• [What you need to do] Every line of the listing must be reproduced as it stands. Leave the images behind.

• [Collected material]
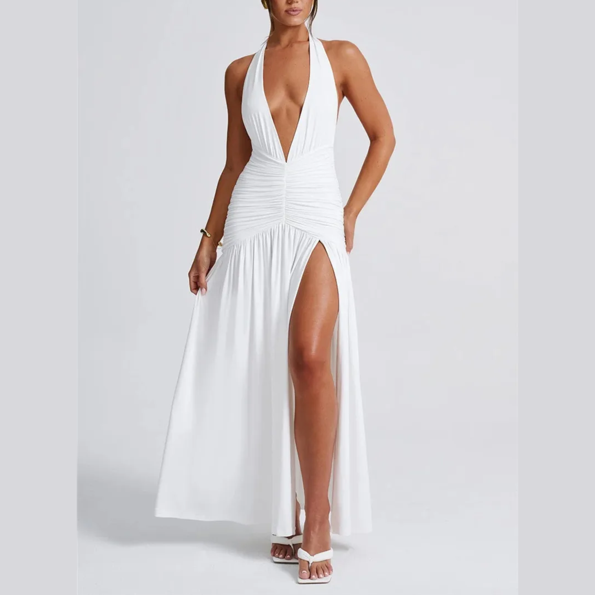 Presentando lo último en la ropa de noche elegante: un vestido maxi cautivador que exuda confianza y estilo. Diseñado con una sensual cuello de cabestro V profundo y una espalda abierta, este vestido asegura que hagas una entrada inolvidable. La división de la parte delantera hasta el muslo hasta el muslo mejora el ambiente glamoroso, lo que le permite mostrar sus piernas mientras se mueve con gracia. Ideal para bodas, graduación o una noche en la ciudad, este vestido combina sofisticación con un toque de seducción.
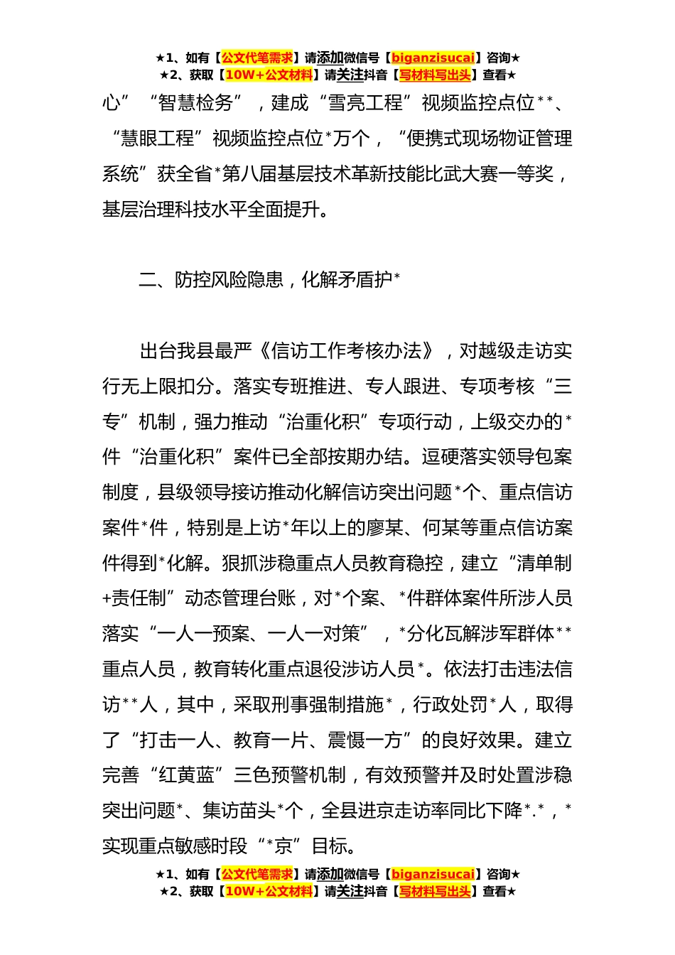 ★1、如有【公文代笔需求】请添加微信号【biganzisucai】咨询★★2、获取【10W+公文材料】请关注抖音【写材料写出头】查看★关于*建设先进集体事迹材料**年,**县坚持以习近平新时代中国特色社会主义思想为指导,深入贯彻落实中央、省委、市委关于*建设各项决策部署,取得了显著成效。两次荣获“维护社会稳定先进县”,全县电信网络诈骗发案数及案损数同比下降*.*%、*.*,负向排名降至全国*位、全省*,交通安全事故率同比下降6*,刑事案件数同比下降*.*%,连续*实现现行命案破案率**。人民群众幸福感、获得感和安全感持续提升。一、加强党的领导,上下联动抓*构建县委主要领导挂帅、分管县级领导具体负责、成员单位各司其职的*建设领导体系,召开县委常委会会议、县政府常务会议*,*建设领导小组会议*,专项工作推...
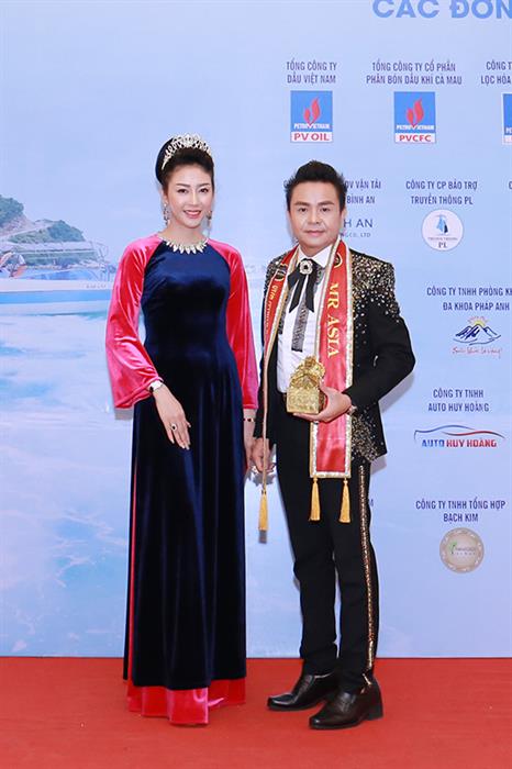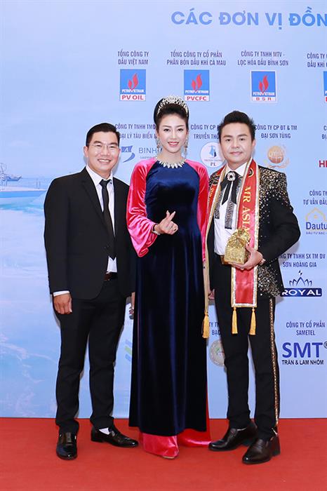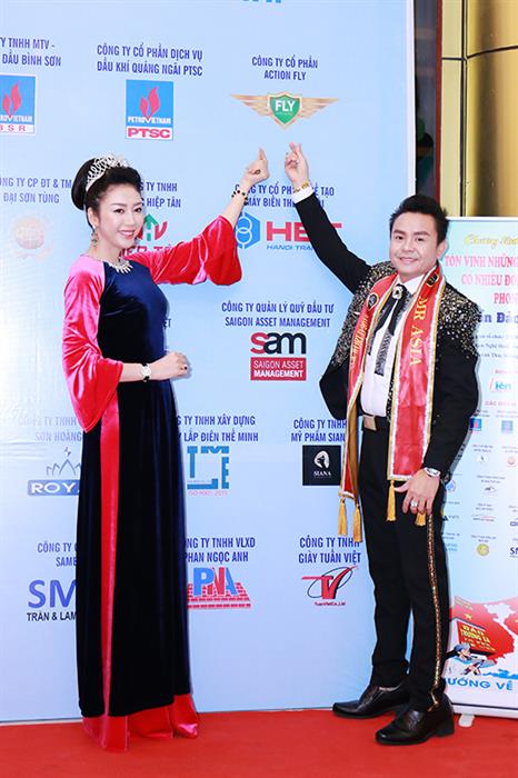 Tân hoa hậu Võ Nhật Phượng xuất hiện xinh đẹp, dịu dàng với trang phục áo dài nhung màu xanh đen, điểm xuyến màu hồng, còn Nam vương Doanh nhân Huy Hoàng lịch thiệp với bộ vest đen, sơ mi trắng.

• [Task output]
 Presentando lo último en la ropa de noche elegante: un vestido maxi cautivador que exuda confianza y estilo. Diseñado con una sensual cuello de cabestro V profundo y una espalda abierta, este vestido asegura que hagas una entrada inolvidable. La división de la parte delantera hasta el muslo hasta el muslo mejora el ambiente glamoroso, lo que le permite mostrar sus piernas mientras se mueve con gracia. Ideal para bodas, graduación o una noche en la ciudad, este vestido combina sofisticación con un toque de seducción.
 ★1、如有【公文代笔需求】请添加微信号【biganzisucai】咨询★★2、获取【10W+公文材料】请关注抖音【写材料写出头】查看★关于*建设先进集体事迹材料**年,**县坚持以习近平新时代中国特色社会主义思想为指导,深入贯彻落实中央、省委、市委关于*建设各项决策部署,取得了显著成效。两次荣获“维护社会稳定先进县”,全县电信网络诈骗发案数及案损数同比下降*.*%、*.*,负向排名降至全国*位、全省*,交通安全事故率同比下降6*,刑事案件数同比下降*.*%,连续*实现现行命案破案率**。人民群众幸福感、获得感和安全感持续提升。一、加强党的领导,上下联动抓*构建县委主要领导挂帅、分管县级领导具体负责、成员单位各司其职的*建设领导体系,召开县委常委会会议、县政府常务会议*,*建设领导小组会议*,专项工作推...
 Tân hoa hậu Võ Nhật Phượng xuất hiện xinh đẹp, dịu dàng với trang phục áo dài nhung màu xanh đen, điểm xuyến màu hồng, còn Nam vương Doanh nhân Huy Hoàng lịch thiệp với bộ vest đen, sơ mi trắng.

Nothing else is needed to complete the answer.